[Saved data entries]
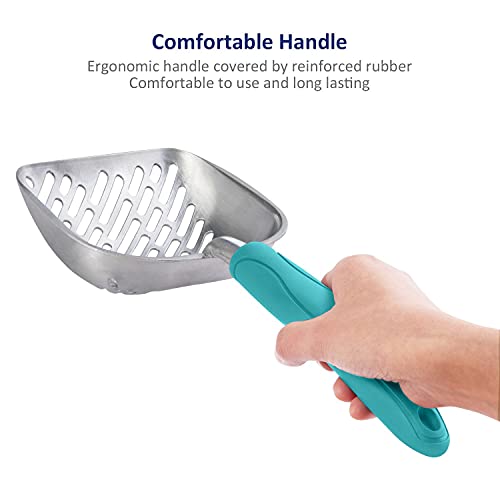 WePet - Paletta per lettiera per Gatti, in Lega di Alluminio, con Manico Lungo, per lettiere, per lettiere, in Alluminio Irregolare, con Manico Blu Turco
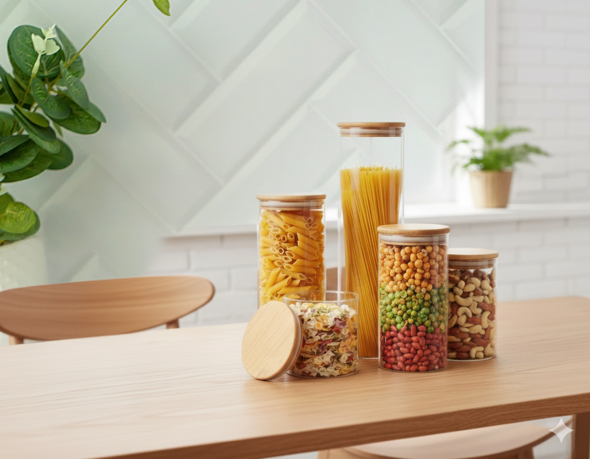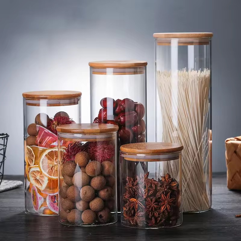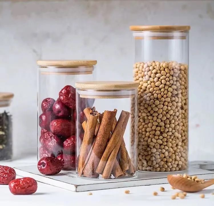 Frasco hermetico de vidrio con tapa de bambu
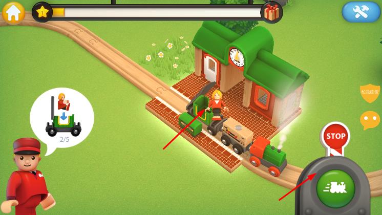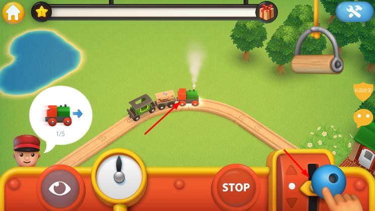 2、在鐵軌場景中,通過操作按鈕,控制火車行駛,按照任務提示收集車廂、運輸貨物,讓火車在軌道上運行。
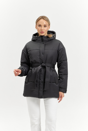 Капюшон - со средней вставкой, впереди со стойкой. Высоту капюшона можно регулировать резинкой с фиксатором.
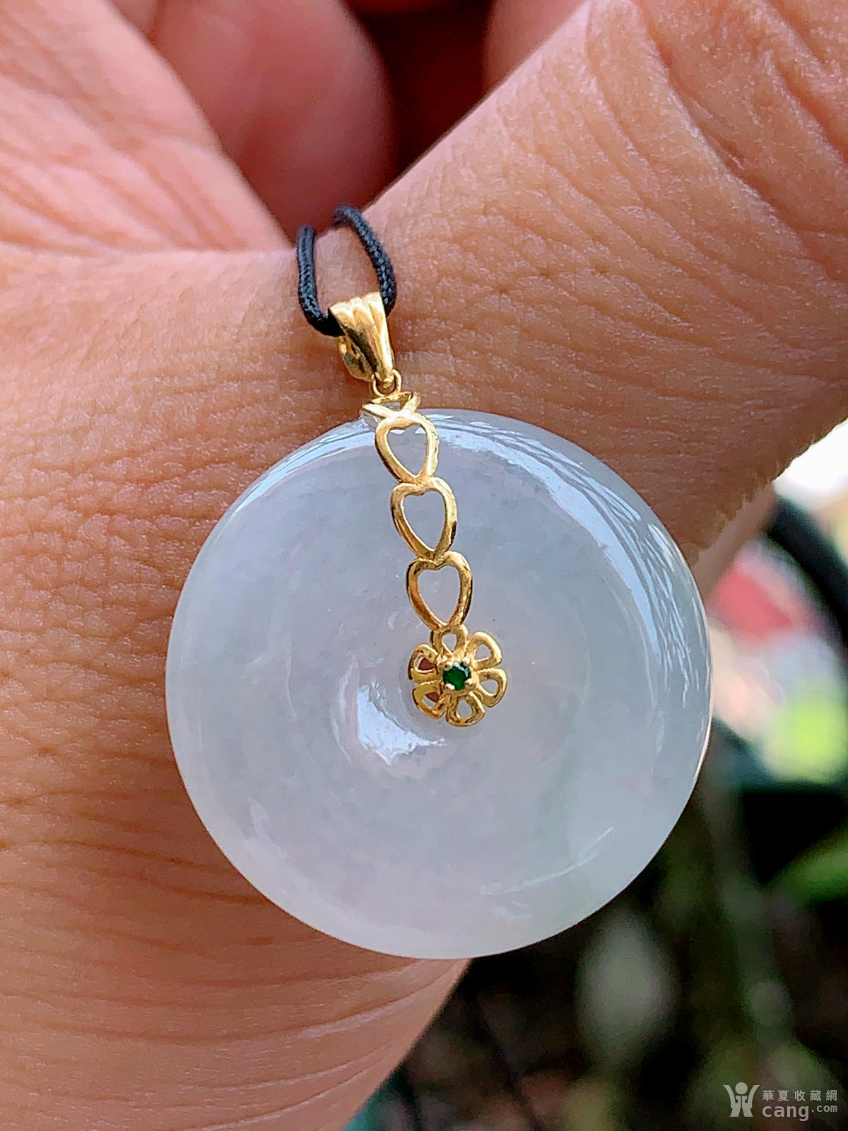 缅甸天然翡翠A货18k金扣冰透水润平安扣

* * *

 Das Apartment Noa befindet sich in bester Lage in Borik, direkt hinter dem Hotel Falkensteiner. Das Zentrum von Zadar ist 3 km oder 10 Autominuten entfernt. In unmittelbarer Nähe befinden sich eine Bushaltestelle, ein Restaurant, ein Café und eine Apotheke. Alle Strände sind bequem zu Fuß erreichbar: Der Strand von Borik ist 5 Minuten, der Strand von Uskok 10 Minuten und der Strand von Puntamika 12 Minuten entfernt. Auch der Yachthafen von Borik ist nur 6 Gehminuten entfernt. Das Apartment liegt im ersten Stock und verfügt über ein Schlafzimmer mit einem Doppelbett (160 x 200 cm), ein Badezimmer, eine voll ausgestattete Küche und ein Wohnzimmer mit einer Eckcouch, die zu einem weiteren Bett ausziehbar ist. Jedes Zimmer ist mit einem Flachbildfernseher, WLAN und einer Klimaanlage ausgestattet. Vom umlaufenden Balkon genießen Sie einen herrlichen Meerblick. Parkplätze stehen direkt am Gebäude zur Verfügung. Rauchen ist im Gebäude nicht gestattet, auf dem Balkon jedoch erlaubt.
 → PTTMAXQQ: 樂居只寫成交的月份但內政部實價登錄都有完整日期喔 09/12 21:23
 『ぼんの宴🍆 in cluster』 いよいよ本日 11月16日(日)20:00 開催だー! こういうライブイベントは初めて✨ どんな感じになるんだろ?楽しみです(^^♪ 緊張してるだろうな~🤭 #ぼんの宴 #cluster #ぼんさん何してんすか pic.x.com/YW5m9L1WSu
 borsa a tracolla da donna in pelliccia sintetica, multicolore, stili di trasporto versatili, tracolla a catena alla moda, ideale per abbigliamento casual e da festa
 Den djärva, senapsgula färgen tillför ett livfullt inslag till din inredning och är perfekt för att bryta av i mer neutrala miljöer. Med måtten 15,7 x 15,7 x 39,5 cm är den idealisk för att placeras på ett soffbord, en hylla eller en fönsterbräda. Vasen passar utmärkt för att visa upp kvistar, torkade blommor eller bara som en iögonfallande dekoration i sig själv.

- [What the task asks]
Above are records; repeat only the lines from the line with "WePet - Paletta" through the line with "缅甸天然翡翠A货18k金扣冰透水润平安扣", and leave pictures out.

- [Written answer]
 WePet - Paletta per lettiera per Gatti, in Lega di Alluminio, con Manico Lungo, per lettiere, per lettiere, in Alluminio Irregolare, con Manico Blu Turco
 Frasco hermetico de vidrio con tapa de bambu
 2、在鐵軌場景中,通過操作按鈕,控制火車行駛,按照任務提示收集車廂、運輸貨物,讓火車在軌道上運行。
 Капюшон - со средней вставкой, впереди со стойкой. Высоту капюшона можно регулировать резинкой с фиксатором.
 缅甸天然翡翠A货18k金扣冰透水润平安扣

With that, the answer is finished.